— INPUT DATA —
+-------+

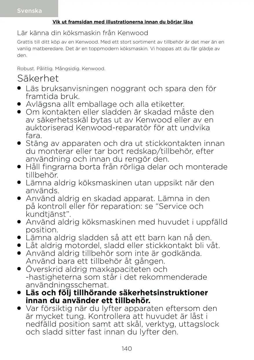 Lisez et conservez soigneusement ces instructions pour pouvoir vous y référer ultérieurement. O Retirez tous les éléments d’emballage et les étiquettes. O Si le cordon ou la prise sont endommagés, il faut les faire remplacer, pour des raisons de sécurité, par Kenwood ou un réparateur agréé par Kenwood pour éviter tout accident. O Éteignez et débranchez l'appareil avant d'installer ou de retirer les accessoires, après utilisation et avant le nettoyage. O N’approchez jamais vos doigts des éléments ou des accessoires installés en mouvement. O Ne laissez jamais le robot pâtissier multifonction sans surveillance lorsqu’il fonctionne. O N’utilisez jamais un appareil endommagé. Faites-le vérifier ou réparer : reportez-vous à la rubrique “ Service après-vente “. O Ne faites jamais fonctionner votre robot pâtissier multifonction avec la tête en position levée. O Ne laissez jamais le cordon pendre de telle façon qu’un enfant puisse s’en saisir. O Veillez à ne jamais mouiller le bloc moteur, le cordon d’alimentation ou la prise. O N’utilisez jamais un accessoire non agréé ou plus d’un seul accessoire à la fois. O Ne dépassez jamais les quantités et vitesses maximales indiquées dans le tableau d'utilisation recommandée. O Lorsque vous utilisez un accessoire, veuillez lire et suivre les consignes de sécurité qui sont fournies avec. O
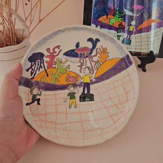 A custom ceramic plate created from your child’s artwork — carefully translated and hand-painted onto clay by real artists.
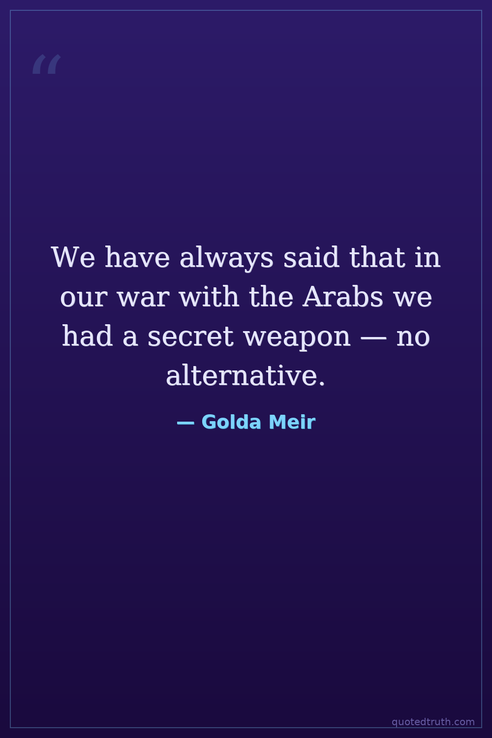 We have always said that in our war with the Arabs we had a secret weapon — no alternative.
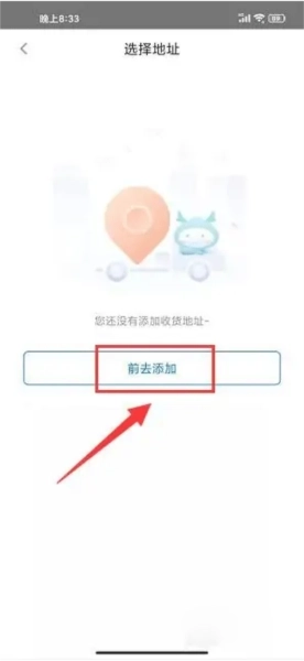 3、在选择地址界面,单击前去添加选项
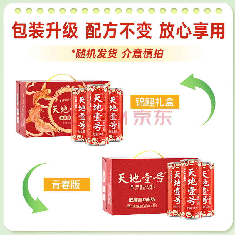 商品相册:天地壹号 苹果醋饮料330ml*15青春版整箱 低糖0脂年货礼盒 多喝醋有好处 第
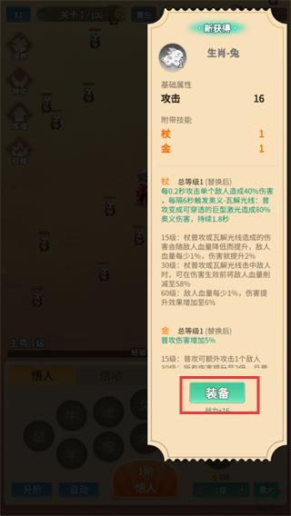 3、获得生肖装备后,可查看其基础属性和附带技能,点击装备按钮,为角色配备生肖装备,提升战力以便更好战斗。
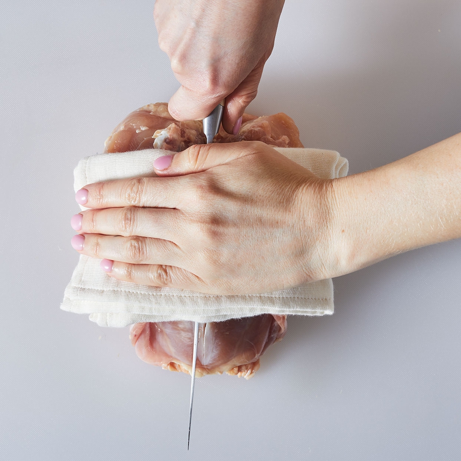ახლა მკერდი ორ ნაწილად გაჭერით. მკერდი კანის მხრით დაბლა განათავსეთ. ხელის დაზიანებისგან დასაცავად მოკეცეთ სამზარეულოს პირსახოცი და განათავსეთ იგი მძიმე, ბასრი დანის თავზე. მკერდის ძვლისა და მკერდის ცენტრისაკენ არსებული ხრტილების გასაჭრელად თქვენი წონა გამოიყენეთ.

+-------+

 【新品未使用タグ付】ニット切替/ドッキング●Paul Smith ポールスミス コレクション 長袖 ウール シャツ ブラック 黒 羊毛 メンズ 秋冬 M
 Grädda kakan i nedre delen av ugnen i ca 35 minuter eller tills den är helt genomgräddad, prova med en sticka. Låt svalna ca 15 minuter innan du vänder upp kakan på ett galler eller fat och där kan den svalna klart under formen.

+-------+

Where the data above reaches the line holding "羊毛 メンズ 秋冬 M", begin printing, and stop after the line holding "Grädda kakan i". Each line must be reproduced exactly, with nothing else added.

— YOUR SOLUTION —
 【新品未使用タグ付】ニット切替/ドッキング●Paul Smith ポールスミス コレクション 長袖 ウール シャツ ブラック 黒 羊毛 メンズ 秋冬 M
 Grädda kakan i nedre delen av ugnen i ca 35 minuter eller tills den är helt genomgräddad, prova med en sticka. Låt svalna ca 15 minuter innan du vänder upp kakan på ett galler eller fat och där kan den svalna klart under formen.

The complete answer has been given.